On Tuesday of this week, Boris Johnson tweeted a picture of what he called the UK’s “first ever digital Cabinet”. That picture (copy below) shows that the Cabinet meeting was held using Zoom – the sort of video conferencing software which is currently popular with business users forced to work at home during the Covid19 pandemic.
As can be seen, the conference was run on a Microsoft platform (unsurprisingly) and it also clearly shows the zoom meeting ID in the top left of the picture.
Now Zoom is a US company funded almost entirely by venture capital. Its servers are US based. And whilst the company claims that its conferences are protected by end to end encryption, what it actually means is that the conference streams are protected by TLS between the end clients and the US based servers. Furthermore, what is not actually clear from the picture posted by our dear PM, is where all the end clients used by the 35 participants were located. I’d hazard a guess that not all of them were in what HMG would call “secure” locations.
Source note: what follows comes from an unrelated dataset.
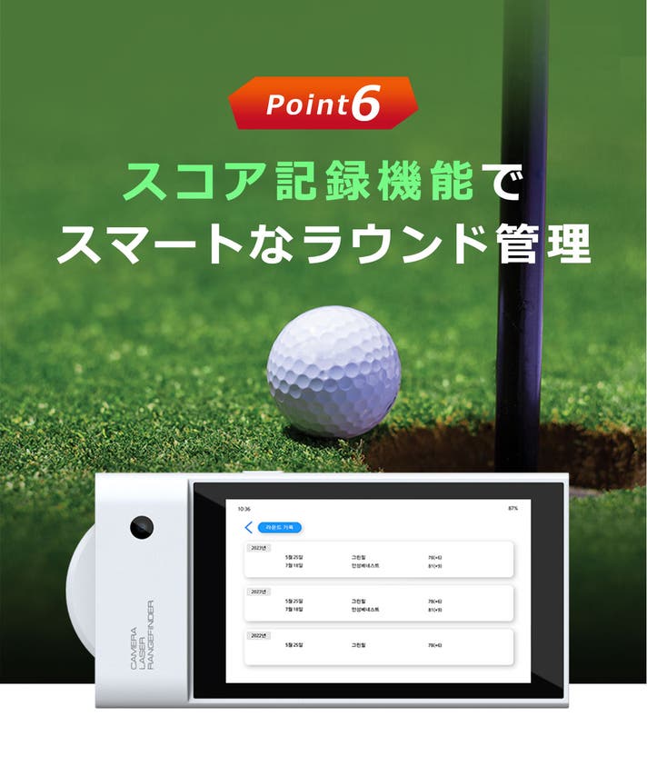 本体にスコアを記録できるため、スマホやスコアカードを取り出す手間がありません。

So here we have a Cabinet meeting run over a completely unapproved video conferencing platform between 35 Ministers and Senior Officials using various clients in a number of locations. Well, at least they didn’t use Skype.
On the twitter feed, Stefan Simanowitz queried “You’ve just published the Cabinet’s Zoom ID number. Isn’t this a security risk?”. With all due respect to Mr Simanowitz, the bigger problem is the use of this platform at all. Someone, somewhere in No 10 or the Cabinet Office should be having an uncomfortable conversation with the Security Service.